So there’s free and then there’s free. The online future will be to the companies that do “free” right (or at least really cheap, like 99-cent apps).
Lastly, if you want me to watch an ad then make it funny. I’ll watch it on youtube and pass it to my friends. Google “trunk monkey” and see what I mean.
I’m no teenager, but I’m tired of junk commercials too. I won’t pay anybody a subscription for news (Except that Time magazine offered 3 years for $20 bucks… I don’t even read it but I got it just because.)
I’m not sure what a 15 year-old is doing interning at Morgan either, but if you don’t like this report then just ask whichever teens you have handy for their inputs. I think you’ll find the report isn’t too far off…
This report is consistent with some of what I’ve observed in fellow teens, but it isn’t as definitive as it seems. It’s true that we FB to an almost ridiculously large extent and don’t like advertising (who does?) However, I think the success of iTunes and cell phone music shows that teens are at least willing to pay digital dollars for their favorite songs.
- teens Twitter, but it’s more about who you’re following than who’s following you
- I hardly ever go to the movies or watch TV. Waste of time, and it’s not interactive.
- finally, I think it’s dangerous that print media is irrelevant, because print and digital have vastly different cultural influences and social consequences. They shouldn’t be viewed as interchangeable.
I’m 19.
Because every normal clued-up fifteen year-old spends his or her summer geeking in an investment bank…this is a shoddy PR stunt at best
1. This is true for some but I also know a lot of people who buy music from itunes and more that keep vinyl collections.
2. Radio is not dead; listened to less, sure. But not dead.
3, Who doesn’t?
4. Teens do go to the movies but not to see things like Paul Blart: Mall Cop, or at least not my friends.
5. Unfortunatly this is sort of true…
6. Although Twitter does have privacy settings like facebook it is often overlooked by people. And yes most don’t use twitter but everyone has a
facebook or myspace.
7. Don’t know what graying of Facebook is but yes facebook is used a lot.
8. FALSE. Everyone watches TV, and Hulu is nice but that popular. Lots of TV is still watched.
9. Don’t know what this phone is…
10. This kid sounds like he’s pretty rich considering the use of words like well-to-do and has a crazy good job for a 15 year old. Everyone has a iPod, everyone (even the “less well-off”).
In this article is the true downfall of web 2.0. These teenagers expect everything for free and they hate intrusive advertising. I would put that teens don’t like advertising in general and have growth an ability to block it out of their minds when they surf the web.

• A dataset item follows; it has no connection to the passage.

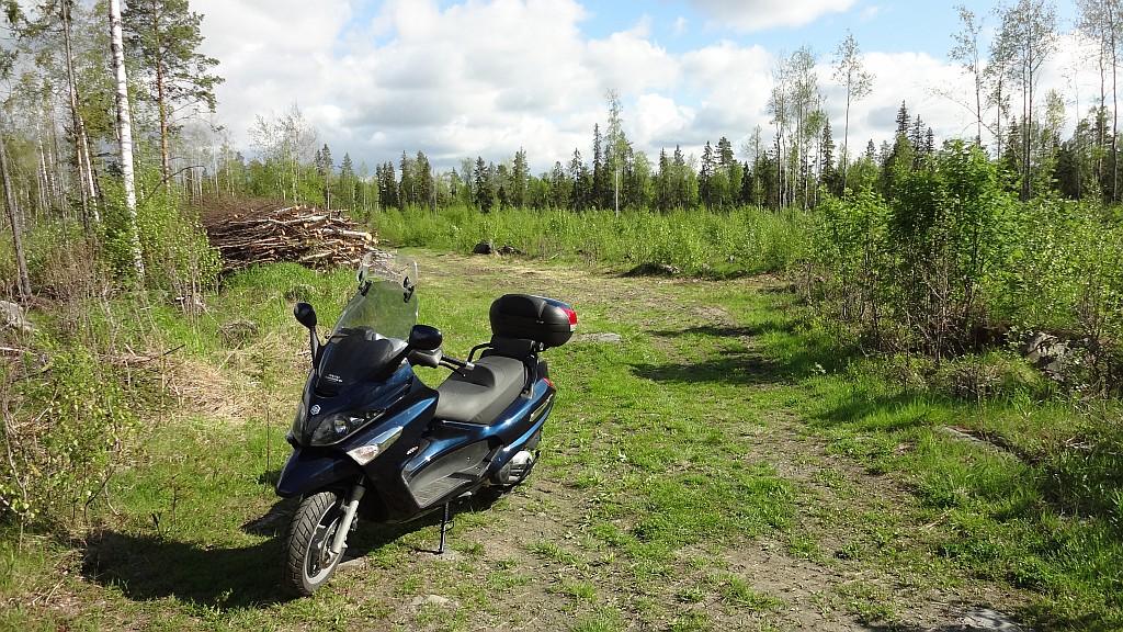 Tästä sitten alkaa oikea maaseutu, eli kestopäällyste päättyy. Jatkoin tästä vielä vähän matkaa eteenpäin, mutta ajoneuvoni vaatimaton maastokelpoisuus sekä mielessä olevat muut retkikohteet samalle päivälle antoivat syyn kääntyä takaisin hyvissä ajoin ennen rautatietä. Lapsuudessa ajelin pyörällä paljon noissa Suokkosen takaisissa metsissä käyden usein radan takanakin.

Teens will consume your free content, but won’t allow you to make money from them off of advertising, which most of these web 2.0 companies depend on.
You couldn’t play the stereotype of ’stuffy old person’ any more with that comment. I was literally waiting for the words ‘damn teenagers’ to come out of your mouth.

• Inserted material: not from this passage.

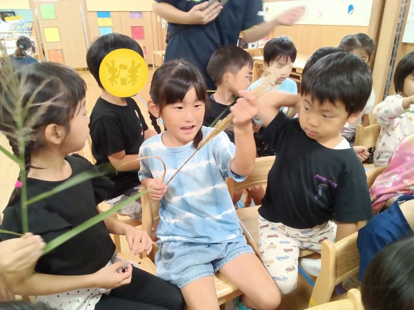 「保育園の近くにもたくさん咲いているよ」と教えてもらった子どもたちは、早速ススキを探しに行くのでした。

If I was to generalize (and I will), I would agree that teenagers (and I think I qualify, as a 19 year old) DO hate intrusive ads. We hate advertising that gets in your face and demands our time, even if it’s just to mute an obnoxious pre-roll or close one of those in-site pop-up ads (I don’t know the exact term for them), while we’re trying to do something.
But let’s face it: It’s teenagers and people in their 20s who helped companies like MySpace and Facebook take off. If Facebook had started with a group of middle-aged businessmen, or even tech entrepreneurs, as opposed to a core group of well connected Ivy League students, would it have exploded the way it did? No chance!

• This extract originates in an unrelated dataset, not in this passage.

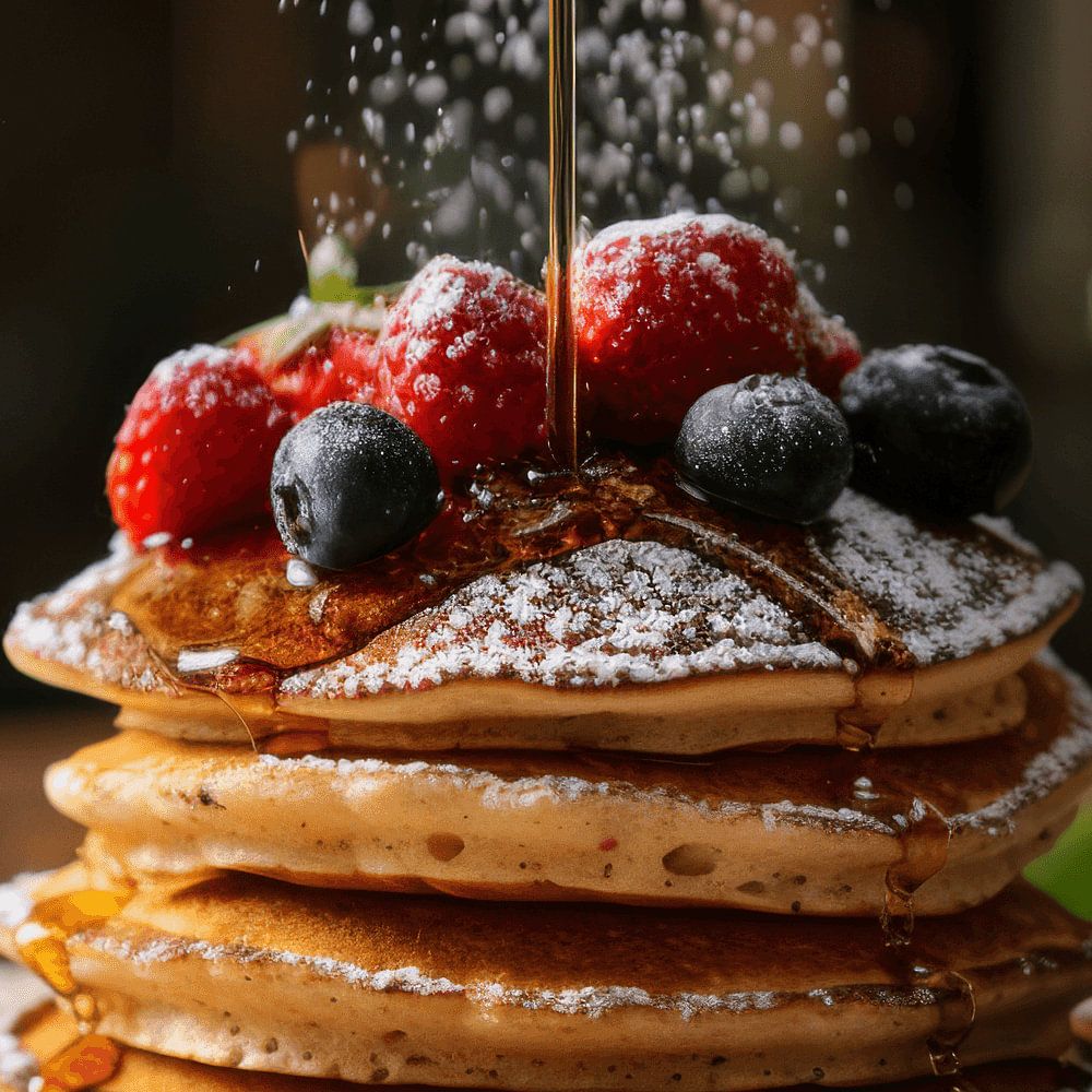 Dieses lebendige Bild zeigt perfekt zubereitete Pancakes, die mit einer großzügigen Portion frischer Beeren und einem Schuss Sirup verziert sind. Der detaillierte Puderzucker-Effekt und die realistischen Farben machen es zu einem herausragenden Dekorationsstück für Küchen und Esszimmer. Ein Muss für Genießer und Liebhaber von stilvollem Küchendekor.

Saying that our generation is the ‘downfall of Web 2.0′ is remarkably unappreciative of the web 2.0 market. You’re right, we HAVE developed the ability to ignore ads, but that’s because the advertisers forced us to become that way. We don’t like it when you slap brand names all over everything, and get in our faces with ads. We’re tired of seeing ads about our credit score and ways to ‘make easy money.’ Just give us good advertising, targeted at our interests, that piques our curiosity while not interfering with the content of the website we’re browsing, and we’ll happily let you ‘make money off’ us, as you so elegantly put it.
“We don’t like it when you slap brand names all over everything”
Then *please* stop wearing those damn Aeropostale and Abercrombie and Fitch shirts.
Think about it. You’re paying good money to advertise a company (that certainly is overpriced).
That’s fundamentally different. When someone buys a shirt with ‘Abercrombie and Fitch’ written on it, it’s because they bought the shirt from A&F and don’t mind other people knowing. We do the same things with appliances (I bet your dishwasher or fridge says its brand on it) and cars (I can’t even think of a production vehicle that doesn’t have its model and brand written on it), but you’re not calling for those companies to pull their name of their own product!
Now, if people went to A&F and started buying shirts that said Coca-Cola and Nike on them, that would be ridiculous, and I think you would find that they wouldn’t sell well. It’s fine to put your own name on your own product- but it’s really annoying to see other brand names in our face, trying to distract us from the issue. I don’t mind finding out that your shirt is from A&F (although I might think you’re kind of a tool), but I would mind if you had a bright ad that flashed and made noise to get my attention plastered on the front of your shirt.
So very true.
I’m 16, and I’ve been browsing the web for hours already today.
The thing is, I can’t name one ad. I’ve seen since I’ve started.
Teens’ [at least me personally], have an unbelievable ability to block out the ads.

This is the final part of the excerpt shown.